■ Available data ■
--- START ---
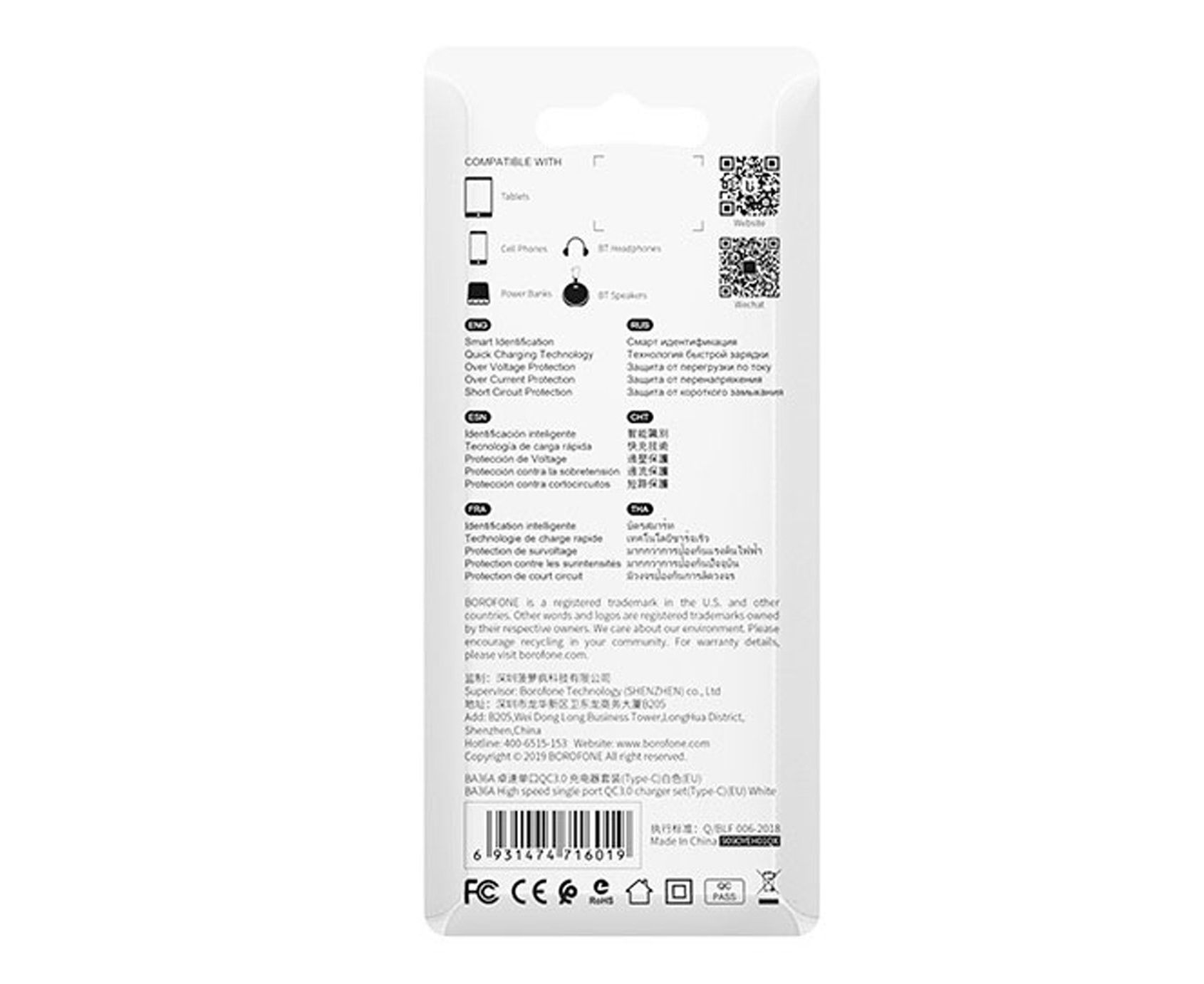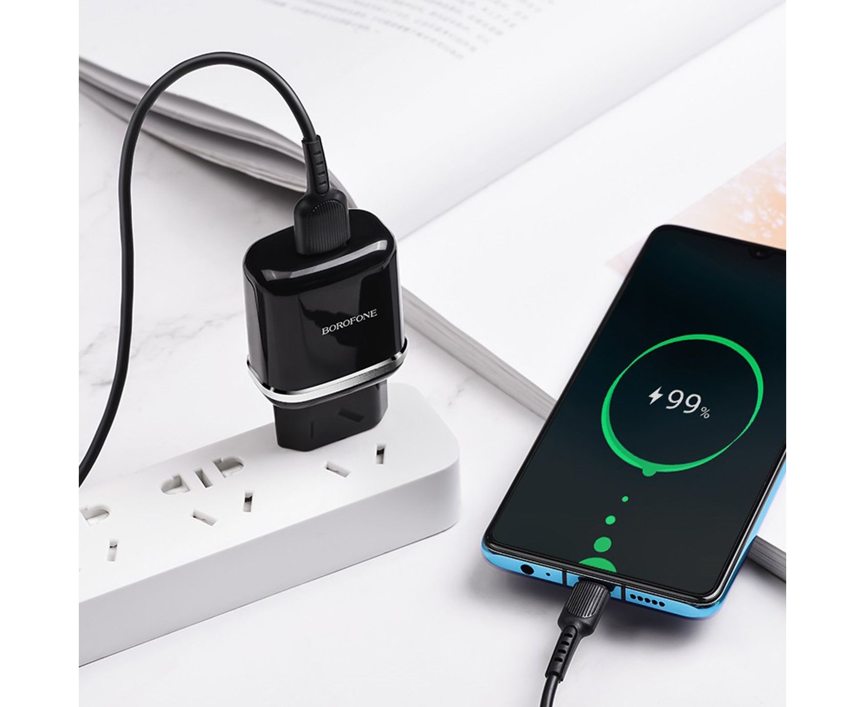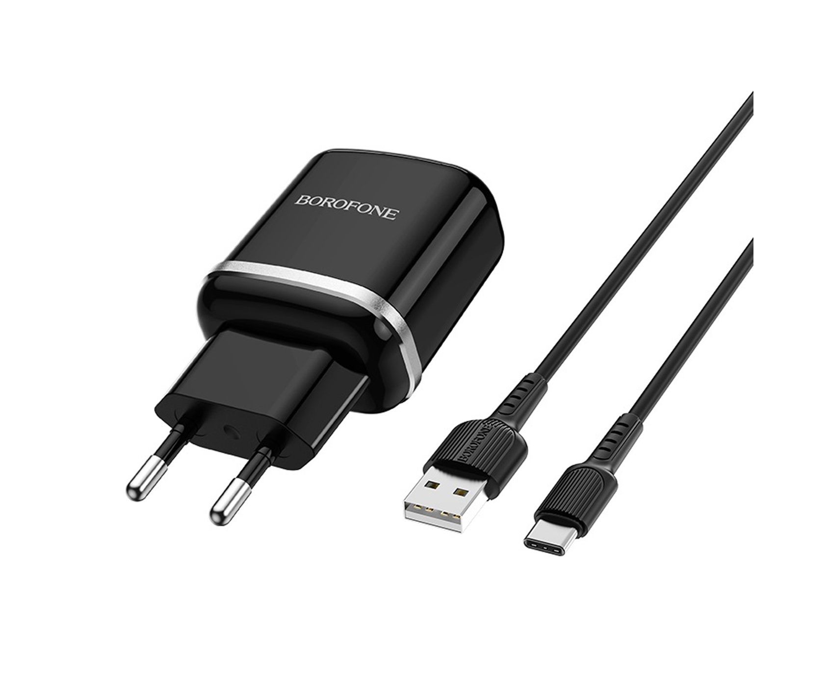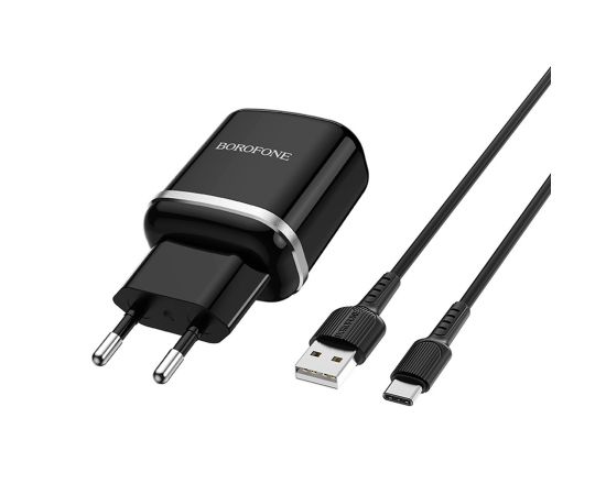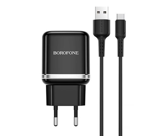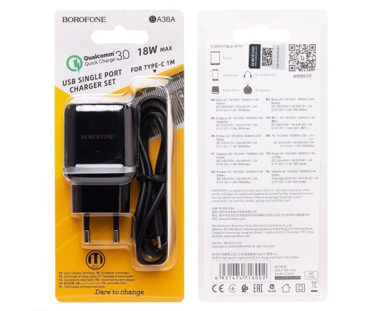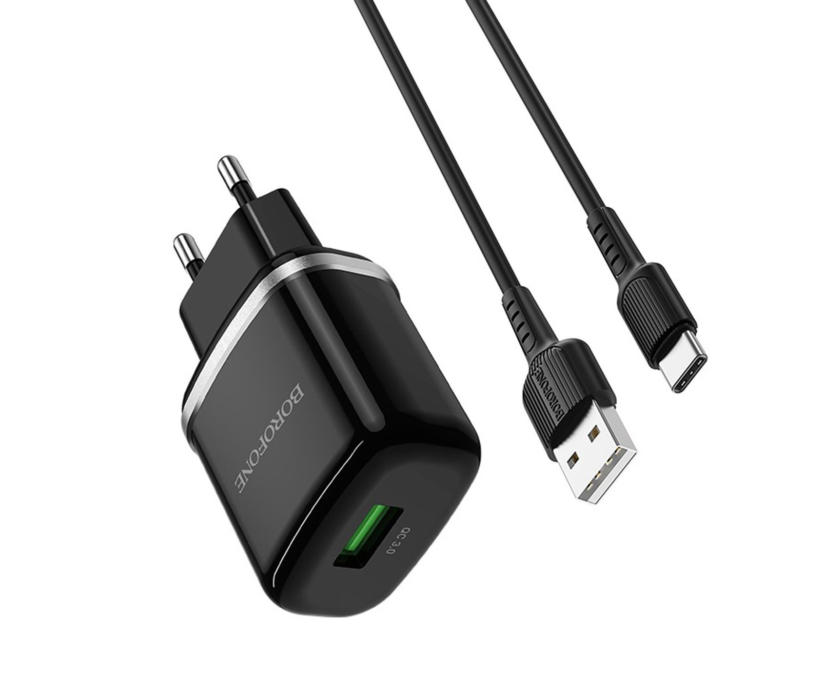 Адаптер Сетевой с кабелем Borofone BA36A High 1USB/5V/3A QC3.0 +Type-C (black) (133680)
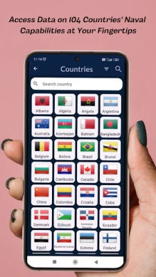 The app data includes technical information and numbers of warships and naval aircraft, submarines, unmanned systems, missiles, weapons, sensors, naval strategy, submarine war, amphibious, naval combat, defense news, marine vehicles, amphibious vehicle, naval battleship, navy fighter, frigates and equipment of 92 countries and the ones in development as well.
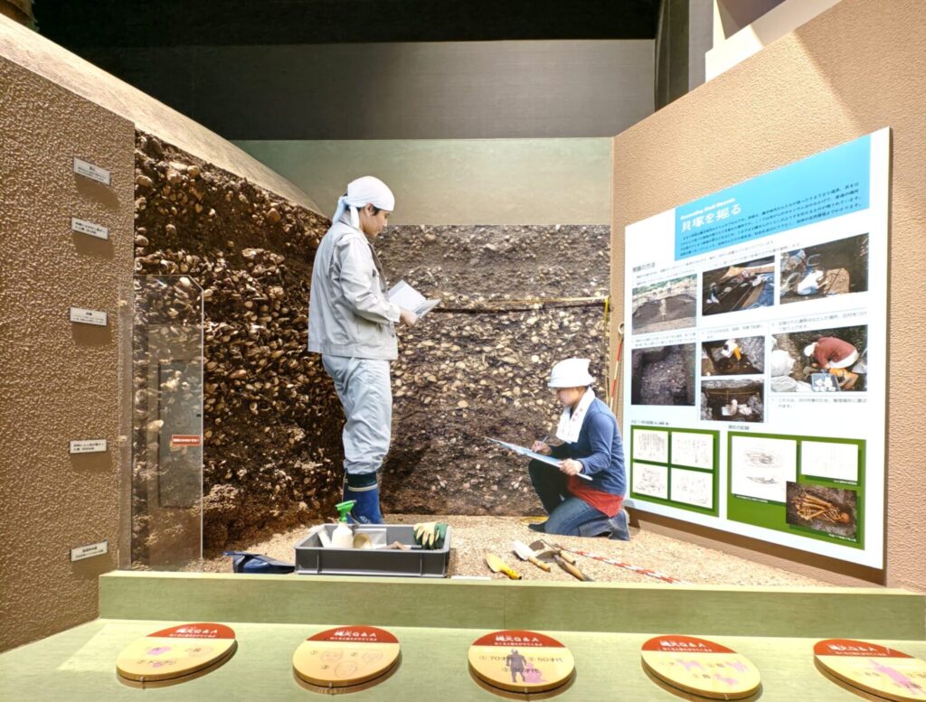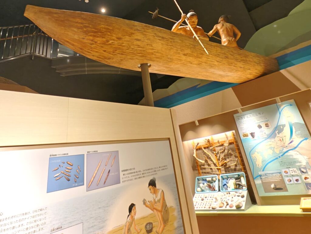 館内はとても明るい雰囲気で、貝塚の成り立ちや出土品などが誰にでも分かりやすく展示されています。縄文人が漁をしている様子が再現されるなど、リアリティを感じる展示が多いのも嬉しいポイントです。
--- END ---
Give back the listing unchanged. Strip out the pictures.

■ Solution ■
 Адаптер Сетевой с кабелем Borofone BA36A High 1USB/5V/3A QC3.0 +Type-C (black) (133680)
 The app data includes technical information and numbers of warships and naval aircraft, submarines, unmanned systems, missiles, weapons, sensors, naval strategy, submarine war, amphibious, naval combat, defense news, marine vehicles, amphibious vehicle, naval battleship, navy fighter, frigates and equipment of 92 countries and the ones in development as well.
 館内はとても明るい雰囲気で、貝塚の成り立ちや出土品などが誰にでも分かりやすく展示されています。縄文人が漁をしている様子が再現されるなど、リアリティを感じる展示が多いのも嬉しいポイントです。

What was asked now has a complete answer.